Chemistry and Morphology
Attapulgite is a naturally occurring hydrous magnesium aluminosilicate clay mineral with the formula (Mg,Al)2Si4O10(OH)•4(H2O). The composition and structure of attapulgite were determined in the early 1940s and 1950s.1 It has a lathe or bristle morphology that is non-swelling and non-fibrous (Figure 1) and is inert and stable under a wide pH, temperature and chemical range. Attapulgite particles are naturally colloidal with weak electrical charges. They have a high aspect ratio of 100:1 or higher and are in tightly compressed large bundles that must be dried and separated.
Commercial development soon followed to capture the benefits of attapulgite’s unique ability to form an electro-mechanical lattice structure that interacts with particulate solids, when it’s well-dispersed in a liquid. High-quality gel-grade attapulgite products, produced from deposits in the United States, proved to be ideal low-shear rheology modifiers, syneresis control agents and suspension stabilizers for a wide variety of water-based and organic liquid systems. They are especially effective in mixtures containing high solids. Drilling muds, coatings, and tape joint compounds were among the first applications. Later developments included suspension fertilizers, animal feed suspensions, adhesives, sealants, inks, color concentrates and asphalt coatings.
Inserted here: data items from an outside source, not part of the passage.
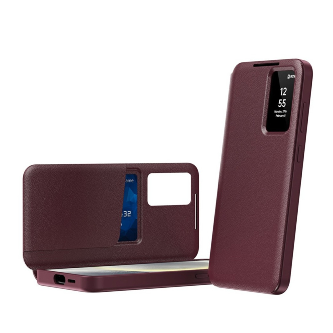Samsung Galaxy S26 Ultra Leder Hülle Small Window View Flip Case Litchi Look - Dunkelrot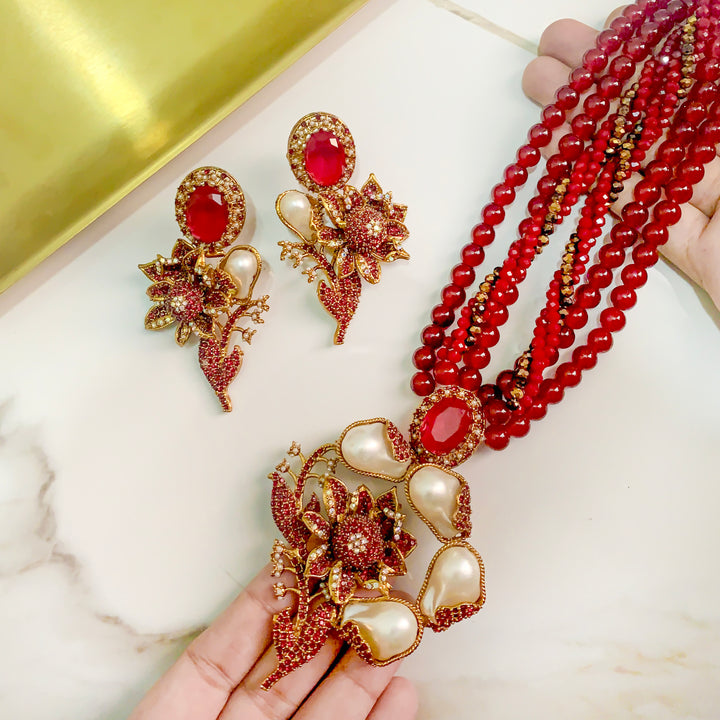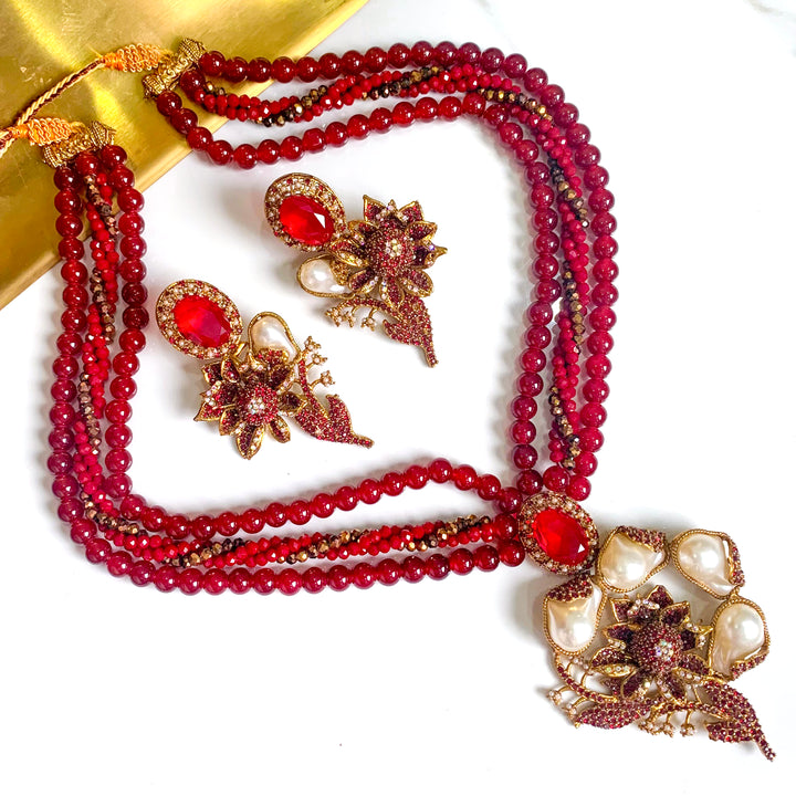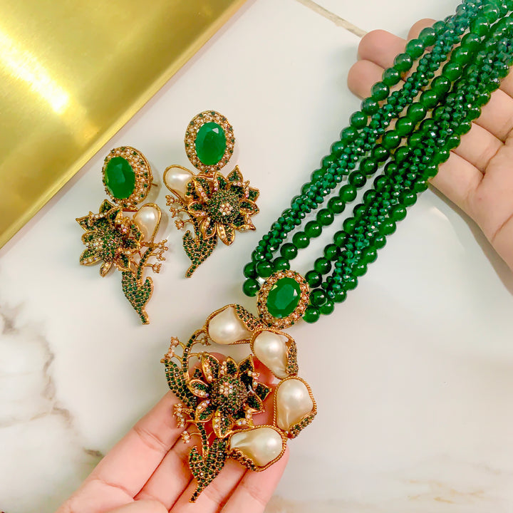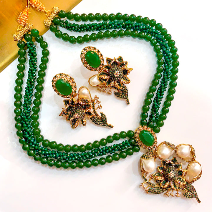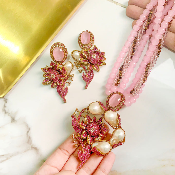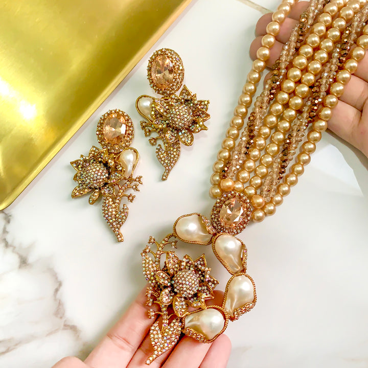 The design unfurls in layered strands, each bead a soft echo of earth’s abundance. At its heart rests a floral medallion, petals glistening with delicate pavé work, framed by luminous pearl-like droplets that catch the light like morning dew. Matching earrings carry the same botanical grace, their blossoms opening toward the gaze, every curve traced with artisan precision. The tones move with organic depth, weaving richness and softness into a single, flowing statement.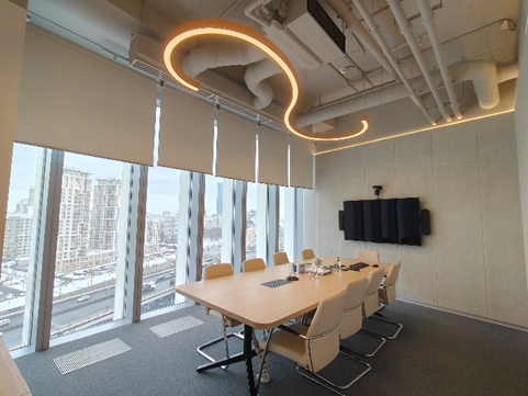 - Нестандартные подвесные световые системы, с использованием комбинации «светильник + акустика = подвесной элемент» используются и в переговорных комнатах различного формата, и в рабочих кабинетах различных подразделений компании.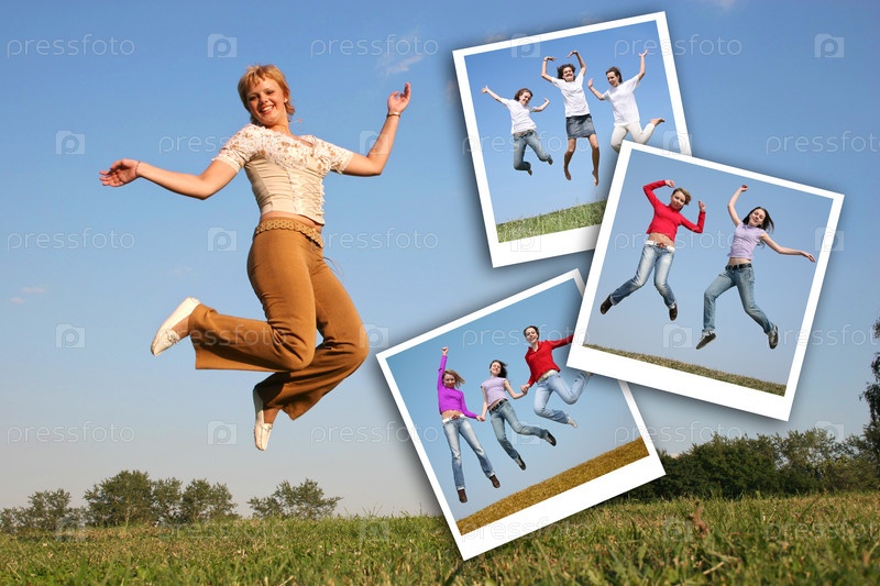 Прыгающие счастливые люди, коллаж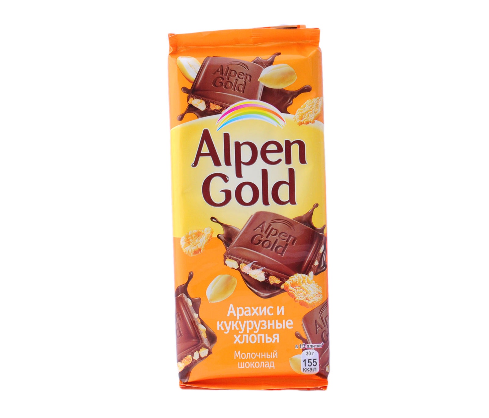 Ալպեն Գոլդ Կաթնային շոկոլադ Գետնանուշ և եգիպտացորենի փաթիլներ 90գ

Although this sedimentary clay is found on nearly every continent the quality varies greatly with two primary distinctions. First, the majority of deposits and the quality within the deposits are not gel grade, making them only suitable for sorbent applications, like filtration or floor absorbents. The other variance is particle length. United States gel grade attapulgite products have a consistent particle size of 2.5 microns long and 25 nanometers wide. Other deposits have much longer and varied lengths2, which makes their primary value of forming a lattice structure inconsistent. This non-uniform bristle length causes some variability in performance and in a composite’s shelf-life. In addition, the International Agency for Research on Cancer (IARC) found that particle lengths greater than 5 microns have evidence of carcinogenicity.3
How Attapulgite Works
Attapulgite bristles have weak electrical charges, positive on the ends and negative along the shaft. When well dispersed in liquids, the charged particles “at rest” are in close proximity and form weak electrical bonds, end-to-face, creating a three-dimensional lattice network. This structure entraps liquids and keeps insoluble particles both separated and suspended. Under shear the weak lattice structure dissociates, resulting in lower viscosity and markedly improved mixing, pumping and workability. When the system returns to “at rest”, the rate of ‘thixotropic recovery’ – or rebuilding of the lattice structure – is exceptionally fast with an immediate return to a stable structure (Figure 2). Since attapulgite mineral does not swell, there is no post-thickening or creep viscosity. It is not a dispersant but further aids the separation of liquids and particles and keeps them suspended.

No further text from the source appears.